The Authority’s goal is to ensure that no tax revenue is lost due to the expiration of the relevant deadlines. Audit mechanisms have already received instructions to intensify audits, with an emphasis on cases of heightened fiscal interest and indications of tax violations.
Cases in the Spotlight
More specifically, audit activities are primarily focused on income tax, VAT, and real estate, while particular emphasis is placed on cases where there is evidence of undeclared income or unexplained increases in assets. A key tool for cross-checking is the Bank Account and Payment Registry System, through which tax authorities can compare taxpayers’ banking transactions with the income they have reported to the tax office.
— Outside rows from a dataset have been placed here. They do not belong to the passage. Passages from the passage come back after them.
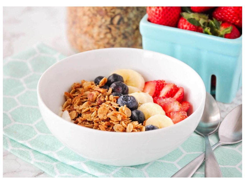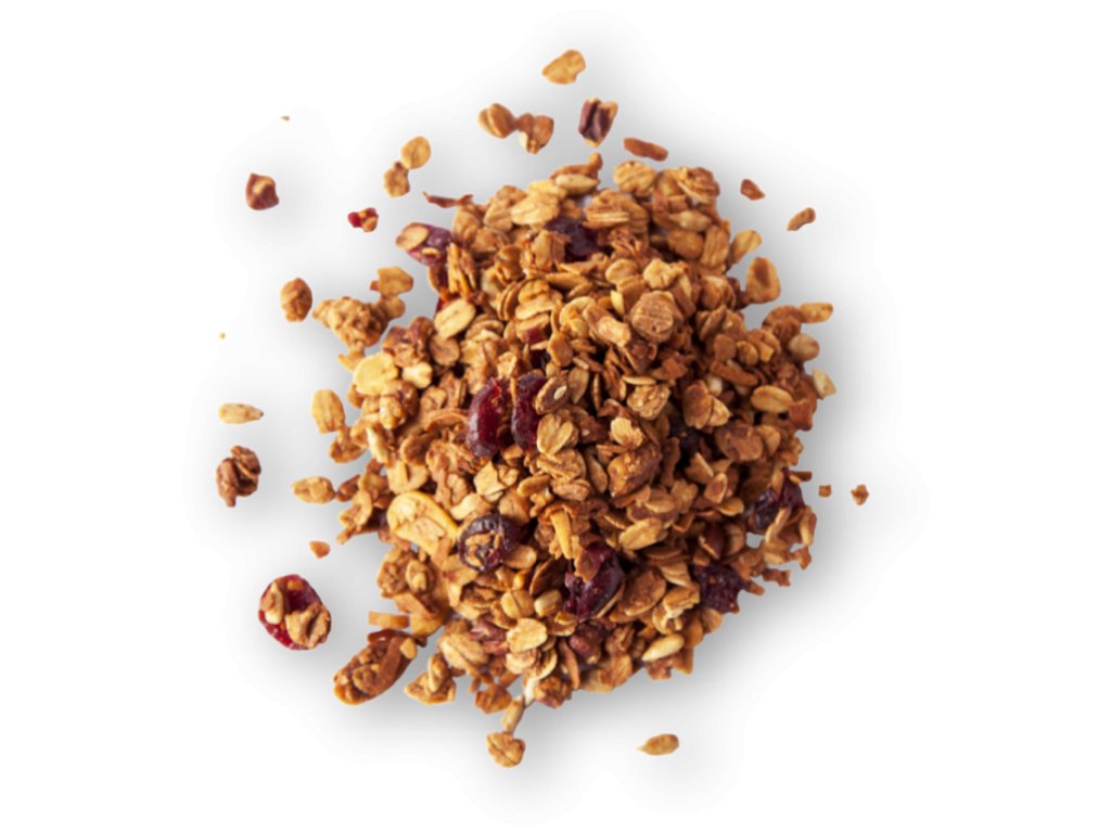 Ořechová granola – směs bezlepkových vloček, vybraných ořechů, květového medu, nedoslazovaných sušených brusinek, kokosových chipsů a příjemná chuť skořice.Granola je oproti müsli pečená! Je bezlepková a neobsahuje rafinovaný cukr a umělá aromata, barviva ani konzervanty. Skvěle chutná sama o sobě, ale můžeš si ji vychutnat i s jogurtem, mlékem a ovocem. Snadná příprava zajistí porci sacharidů, bílkovin a vlákniny nezbytných pro každný den. Poznej nový rozměr snídaňových ceremoniálů.
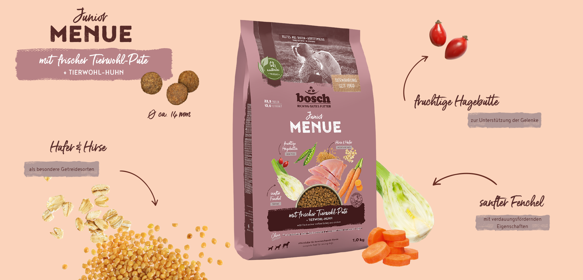 Frisches Tierwohl-Huhn (38 %), Hirse (Milo, 17 %), frische Tierwohl-Pute (12 %), Erbsenstärke, Kartoffelstärke, Hafer (4 %), Lachsöl, Dicalciumphosphat, Proteinhydrolysat, Erbsen (getrocknet, 0,9 %), Leinsaat, Natriumchlorid, Fenchel (getrocknet, 0,2 %), Hagebutten (getrocknet, 0,2 %), Kaliumchlorid, Karotten (getrocknet, 0,1 %), Federmohn (getrocknet, 0,1 %).
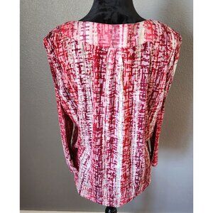 Ruby Rd. Favorites Womens Blouse Large Sheer Red All Over Print 3/4 Sleeve
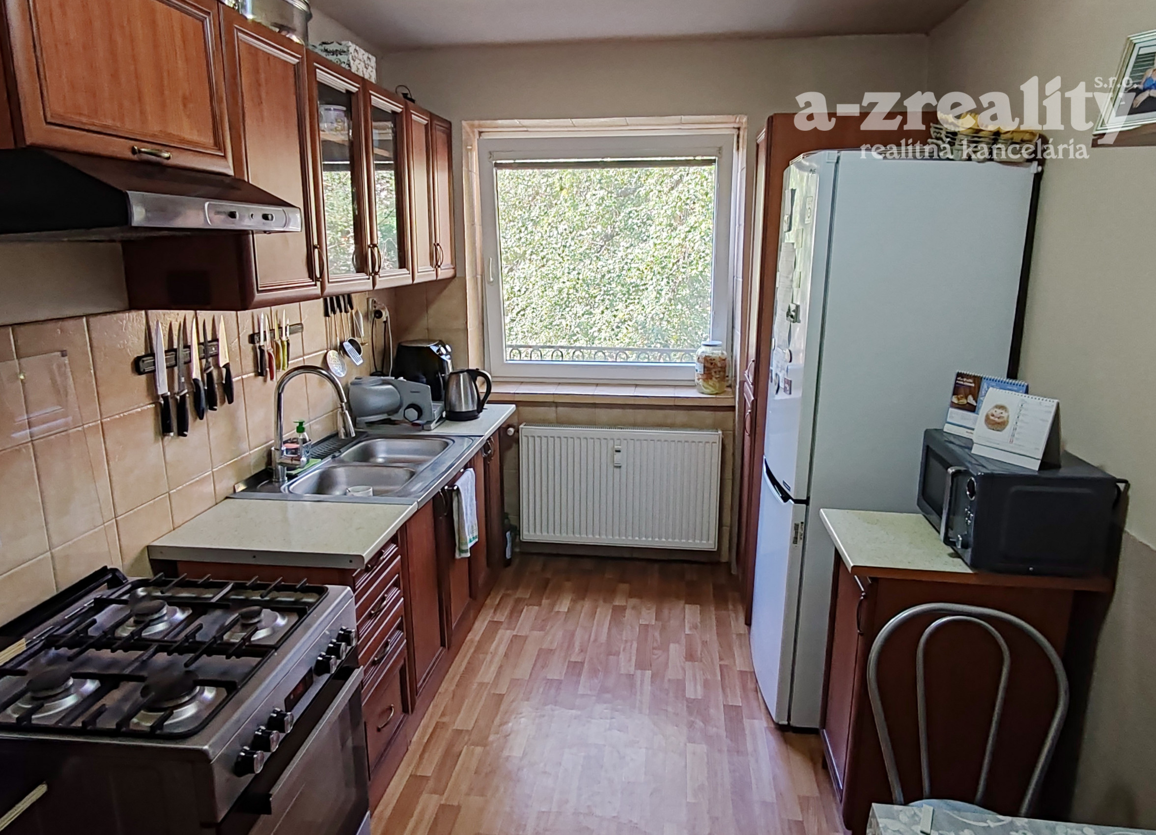 Súčasťou vybavenia ostáva veľká roldorová skriňa na chodbe a kuchynská linka.
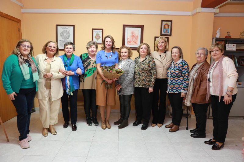 La alcaldesa de la ciudad, Begoña Carrasco, junto a la concejala de Gente Mayor, Clara Adsuara, ha felicitado la Navidad a las mujeres de la Asociación y Federación de Amas de Casa Lledó que se han reunido este martes en el ya tradicional taller floral que realizan cada año con motivo de las fiestas navideñas.
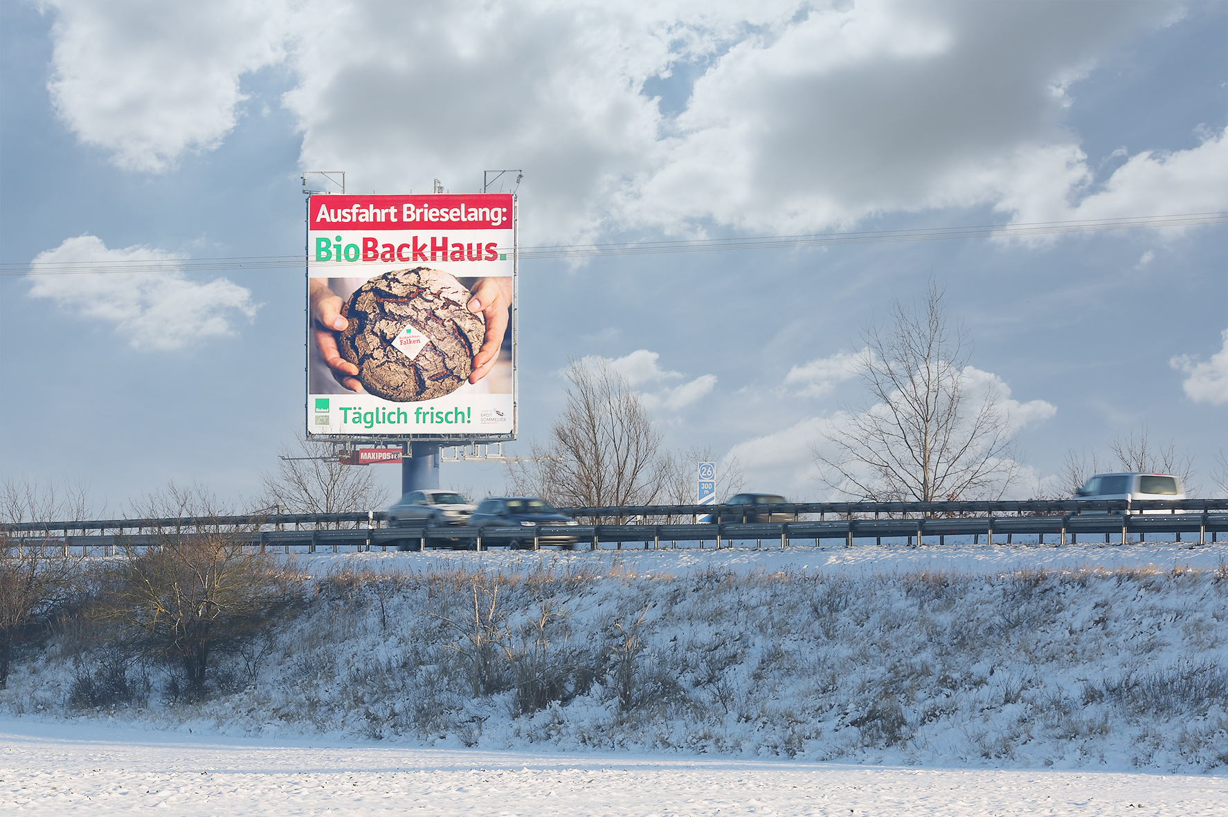 With a height of 40 m, our Traffic Tower on the A10 in the direction of Hamburg is absolutely impossible to miss - the advertising motif catches the eye from a distance of more than 1,000 meters. Located directly on the A10, it meets a lucrative car driver target group in the Berlin area: employed, high earners and highly educated. The A10 forms the Berliner Ring and connects the region with the metropolis. You also have a clear view of the tower from the B5, the east-west route for the Berlin area. Nature reserves, amusement parks, the BahnTechnologie Campus Havelland and one of the largest designer outlets in Germany regularly attract an attractive audience.

Among the cases that have been prioritized are audits of businesses and self-employed professionals who use electronic invoicing through a service provider. For these specific cases, a three-year statute of limitations applies, which means that tax cases for the year 2022 can be audited until December 31, 2026.
At the same time, income tax and VAT returns for the 2020 tax year are now under scrutiny. For these specific cases, the general five-year statute of limitations applies, which expires at the end of next year. Bank transactions from 2020 also fall into this category and may still be subject to audit, unlike transactions from 2019 and earlier years, which, in most cases, are already considered time-barred.
The 2015 cases
Of particular interest are the 2015 cases for which new or supplementary evidence has subsequently emerged, such as the discovery of the use of forged or fictitious tax documents. In these cases, the ten-year statute of limitations may be triggered, provided that the conditions set forth by law are met and the amounts related to tax evasion exceed the relevant thresholds.
The audit plan also includes VAT cases from 2015 in which businesses and professionals failed to file the required returns. These specific cases are subject to a ten-year statute of limitations, which also expires at the end of 2026, making it imperative to complete the relevant audits within the coming months.
Finally, the tax authorities are also examining even older tax years, such as those from 2010, in cases where an income tax return was never filed or the original return was filed with a significant delay. In such cases, the law allows for the statute of limitations to be extended up to 15 years, enabling the tax authorities to assess taxes and penalties even for very old tax liabilities.